Let $ABCD$ be a rectangle, $E$ midpoint of $\overline{DC}$ and $G$ point on $\overline{AC}$ such that $\vec{BG}$ is perpendicular to $\vec{AC}$. Also, let $F$ be a midpoint of $\overline{AG}$. Prove that angle $\angle BFE =\pi/2$.

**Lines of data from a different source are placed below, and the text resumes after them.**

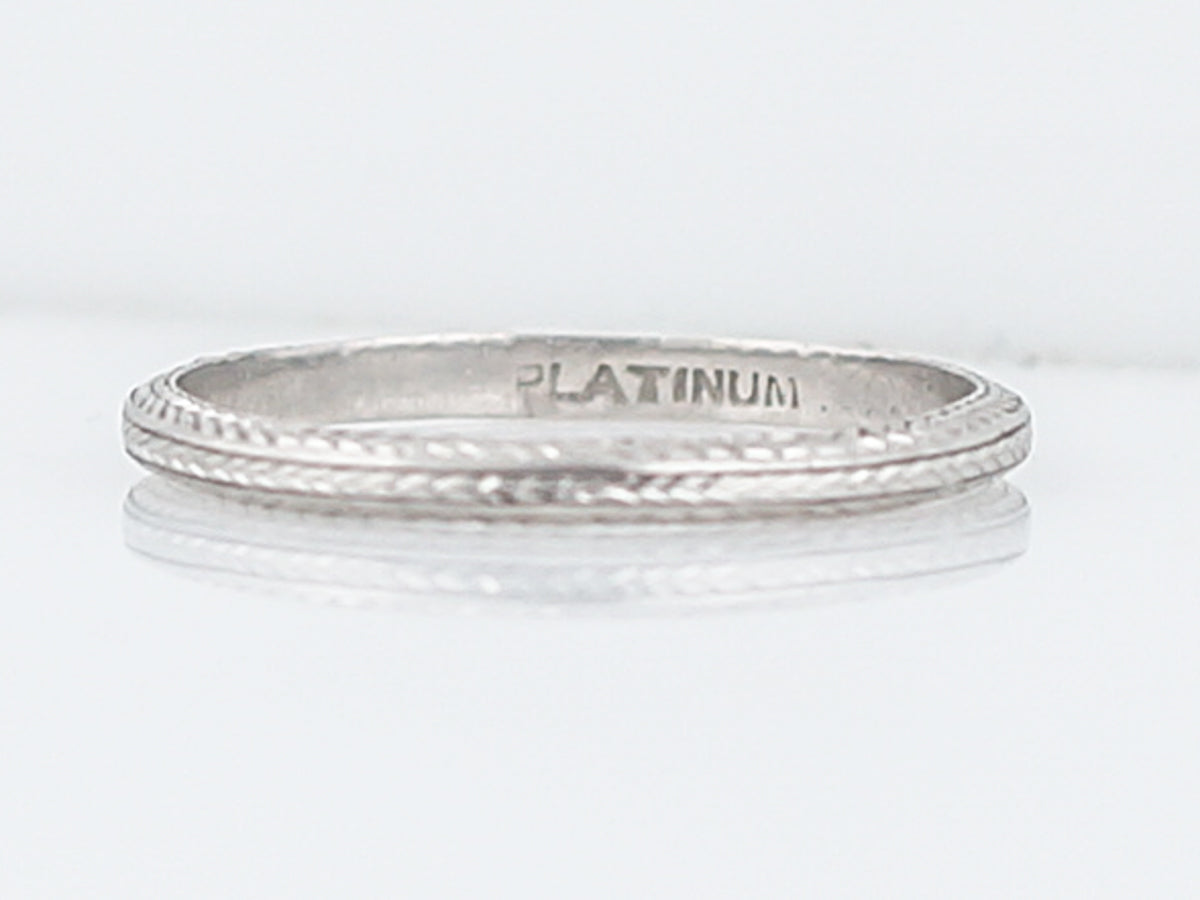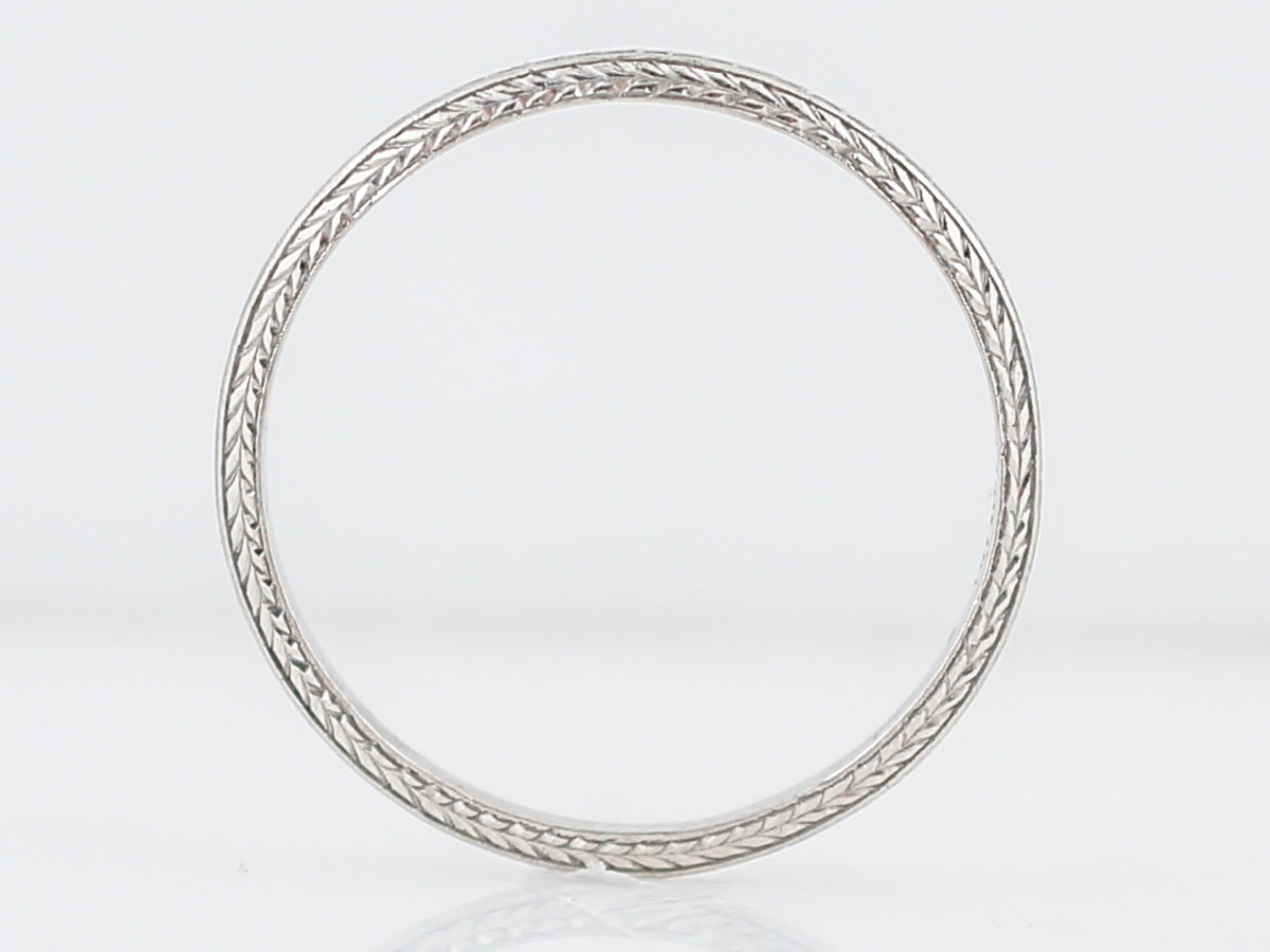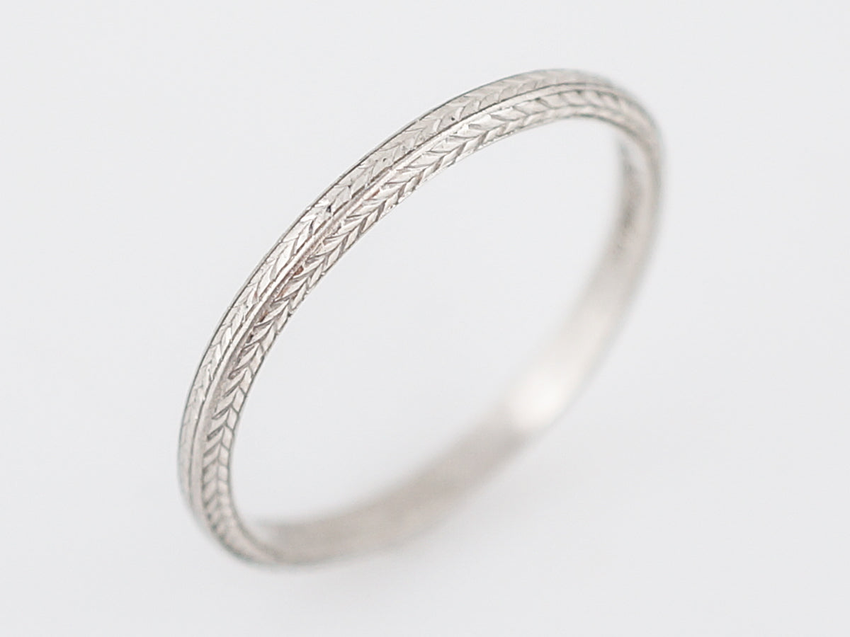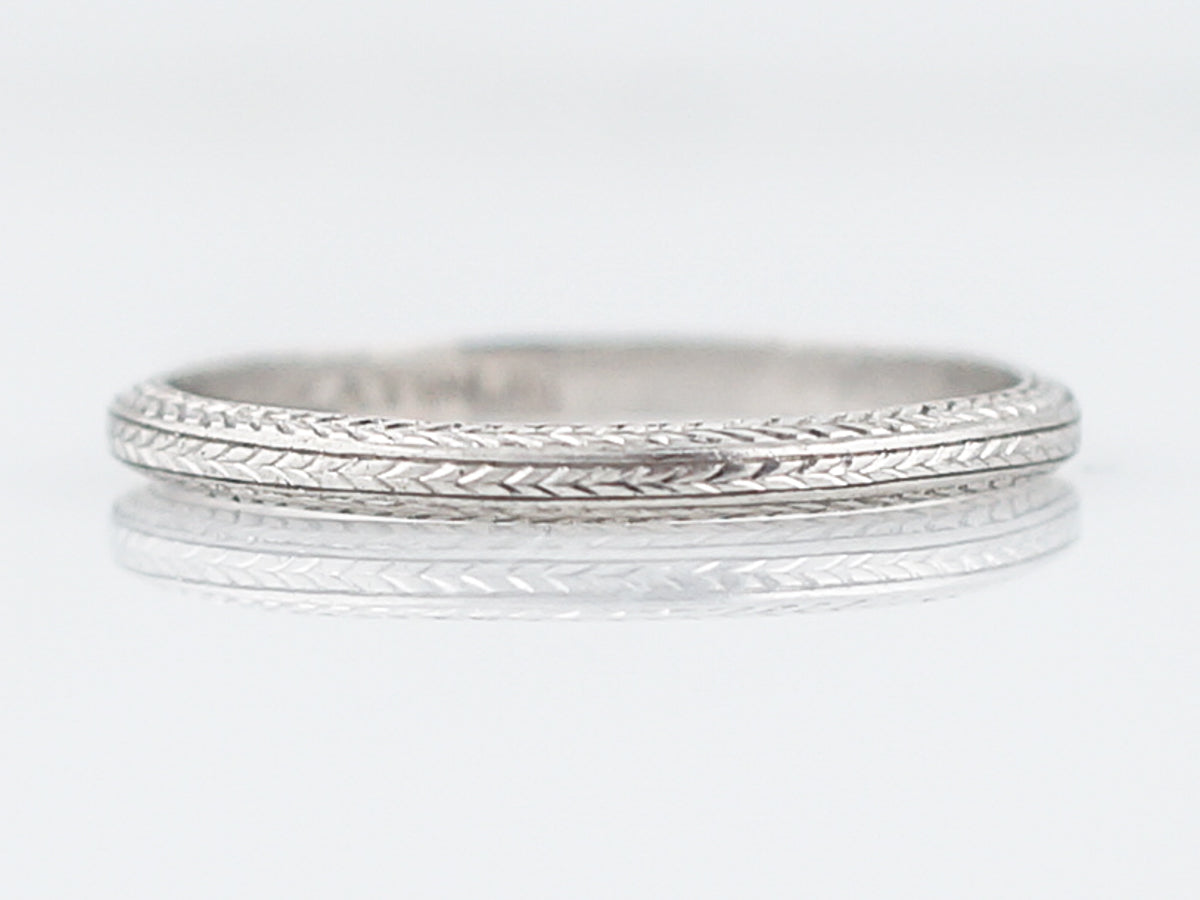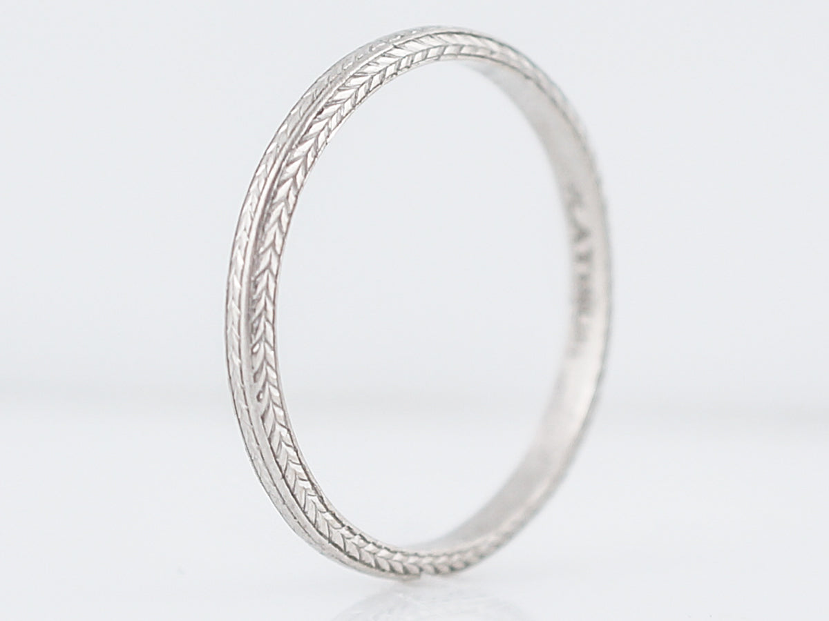 This antique wedding band has a timeless chevron pattern that runs the entire length of the ring. The pattern covers the front, top and bottom of the band. This platinum band was made in the Art Deco period so its an original antique from the 1920s-1930s. The width of the band is on the thinner side at 2.24 millimeters wide.
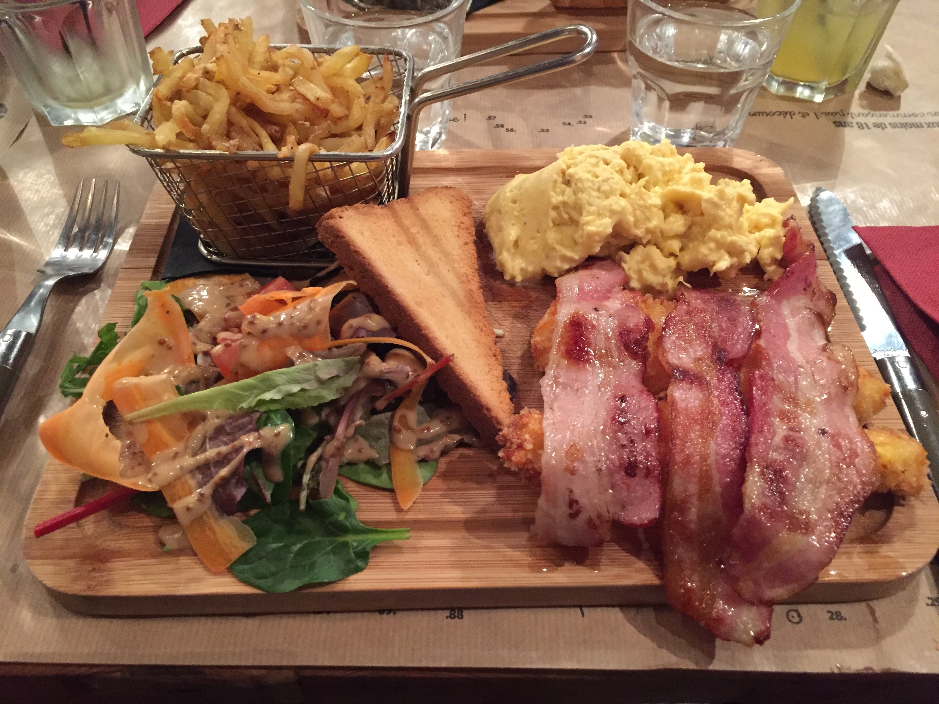Un croque madame avec une tranche de jambon si petite et si fine que j ai eu l impression de ne manger que du pain ,un tiramisu avec des boudoirs sec et une mascarpone très sucrée, voilà pour ma part les autres convives de ma table n étaient pas ravis plus que ça de leurs plats.Des serveurs agréables.
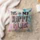 Este é o meu Travesseiro de Lugar Feliz, com o histórico de espiral colorida com o ditado "This Is My Happy Place" na frente.

I found already 4 solution which I have posted here Proving right angle using vectors
But now I'm interested in geometric transformation solution. I found this one also:
Spiral similarity $\mathcal{P}$ with center at $B$ that takes $A\mapsto D$ takes also $G\mapsto C$ and there for it takes midpoint $F$ of $AG$ to a midpoint of $CD$, that is $E$. Now this spiral similarity $\mathcal{P}$ induces new spiral similarity $\mathcal{P}'$ which takes $A\mapsto F$ and $D\mapsto E$ and also $B\mapsto B$, so we have $$\angle EFB = \angle DAB = 90^{\circ}$$
Finaly, here is my question. We notice also $$A\stackrel{\mathcal{P}}{\longmapsto}D \stackrel{\mathcal{S}}{\longmapsto}C \stackrel{\mathcal{P}^{-1}}{\longmapsto}G$$ where $\mathcal{S}$ is reflection across $E$. So transformation $$ \mathcal{T} = \mathcal{P}^{-1}\circ \mathcal{S} \circ \mathcal{P}$$ is reflection across $F$ that takes $A$ to $G$. Can we from here deduce that $\angle EFB = 90^{\circ}$?